A total of 116 patients were included, mean age 84 years (SD 9). Among them, there were 76 (66%) cases of AHF and 51 (44%) cases of pneumonia. The ultrasound work up had a sensitivity of 82% [95% confidence interval (CI), 71-90] and a specificity of 68% (95% CI, 51-90] for AHF. The standard strategy had a sensitivity of 92% (95% CI, 84-97) and a specificity of 53% (95% CI, (36-68).

CONCLUSIONS

In this prospective study, there was no statistically significant difference between point-of-care ultrasound and a combination of clinical, radiographic, and biological findings for the diagnosis of acute heart failure.

摘要

背景和重要性

很少有研究关注肺部超声联合下腔静脉(超声策略)在老年呼吸困难患者急诊就诊时特别具有挑战性的急性心力衰竭(AHF)诊断中的有用性。

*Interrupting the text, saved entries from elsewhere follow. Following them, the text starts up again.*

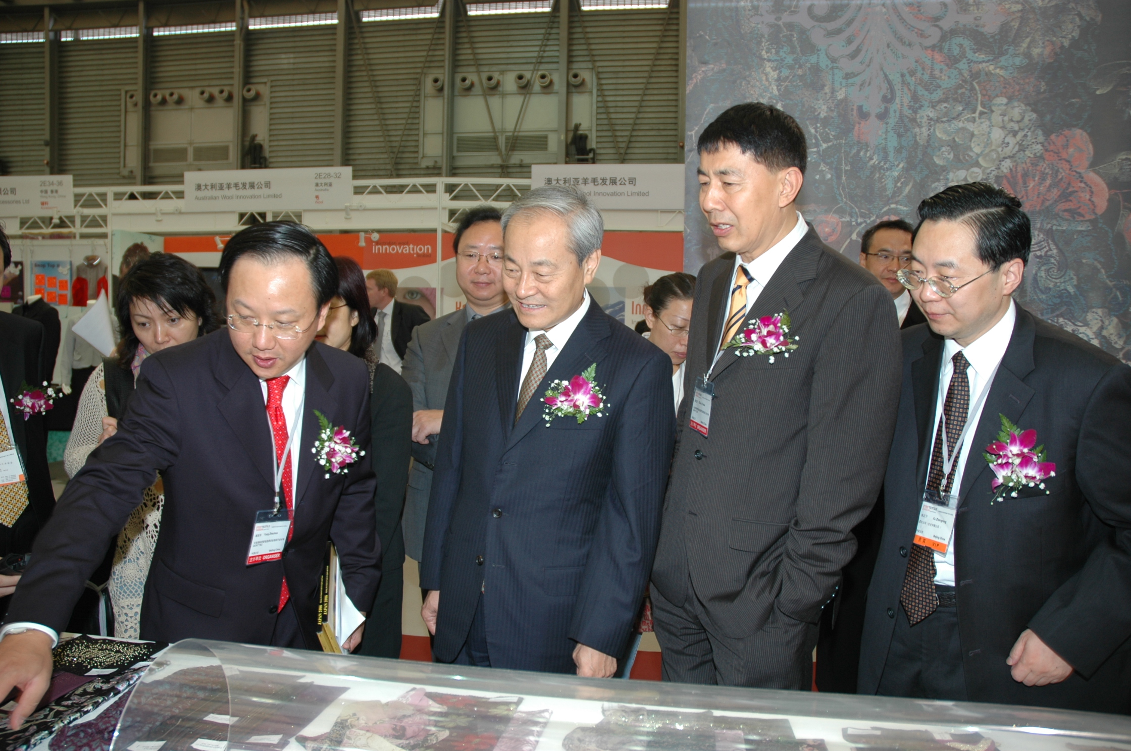 中國紡織工業(yè)協(xié)會會長杜鈺洲在主辦方中國貿(mào)促會紡織行業(yè)分會常務副會長張延愷和秘書長揚兆華陪同下參觀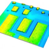 3D viewing of scanned solder paste is created for better visualization of screen printing in a three dimensional viewing model. Click and drag to view from any angles, any orientation. Color contrast highlights 3D morphology of solder paste printing.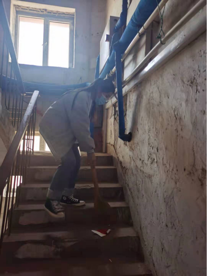 2021年4月19日,師范學(xué)院全體學(xué)生會(huì)干部利用課余時(shí)間,到伊美區(qū)新園小區(qū)開展志愿服務(wù),清理老舊小區(qū)環(huán)境衛(wèi)生,清除樓道小廣告,清掃樓道垃圾,對(duì)衛(wèi)生死角進(jìn)行全方位清理。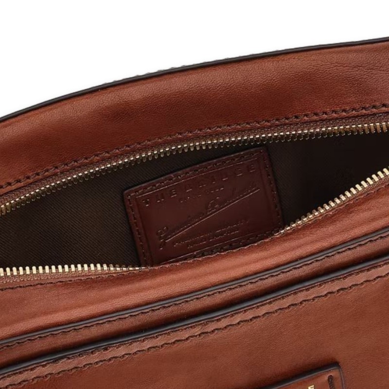 The Bridge beauty case made of genuine tan leather with pockets for objects.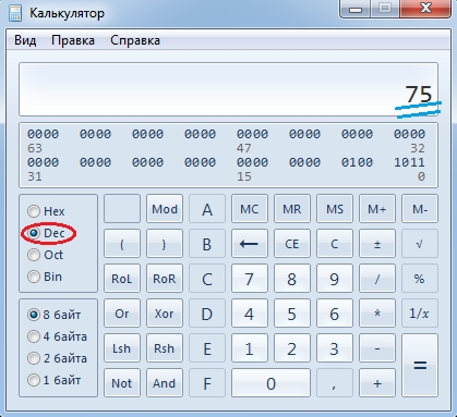 Всё верно! Комбинация битов в результате вычисления на калькуляторе совпало с нашим числом - 75!
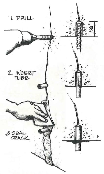 To fill the crack, you will need to install filling tubes (which also serve as vents) every couple of feet. Use a hammer drill to drill holes, centered in the crack, and the same size as the outside diameter of a piece of copper tubing. Many times the crack is not perpendicular to the surface, so you may have to drill at an angle to follow the crack. Use a 3/8″ drill for narrow cracks. This will accept a 3/8″ outside diameter (o.d.) copper tube. If the crack is wider, use a 5/8″ drill and 5/8″ o.d. copper tube. Drill into the crack 1½” to 2″ deep so the epoxy will be able to fill the crack more easily. Push the tubing into the crack until it bottoms in the drill hole. Allow at least an inch to extend beyond the wall surface. When the job is complete, you will grind off the excess tubing.

目的、设计、设置和参与者:这是一项在 2015 年 12 月至 2019 年 3 月在法国两家急诊科进行的前瞻性诊断研究,旨在确定超声策略在老年 AHF 诊断中的准确性。对因呼吸困难而被转诊到急诊科的 65 岁及以上患者进行了筛选。

干预措施

一位急诊医师对患者进行了胸部超声和下腔静脉评估(超声策略),但对首次检查结果并不知情。

结果测量和分析

主要终点是经两位独立专家审查完整病历后诊断为 AHF。计算了超声和标准策略的灵敏度和特异性。

主要结果

共纳入 116 例患者,平均年龄 84 岁(标准差 9)。其中,76 例(66%)为 AHF,51 例(44%)为肺炎。超声检查对 AHF 的灵敏度为 82%(95%置信区间[CI],71-90),特异性为 68%(95% CI,51-90)。标准策略对 AHF 的灵敏度为 92%(95% CI,84-97),特异性为 53%(95% CI,36-68)。

结论

在这项前瞻性研究中,床旁超声与临床、影像学和生物学综合表现的组合在诊断急性心力衰竭方面没有统计学上的显著差异。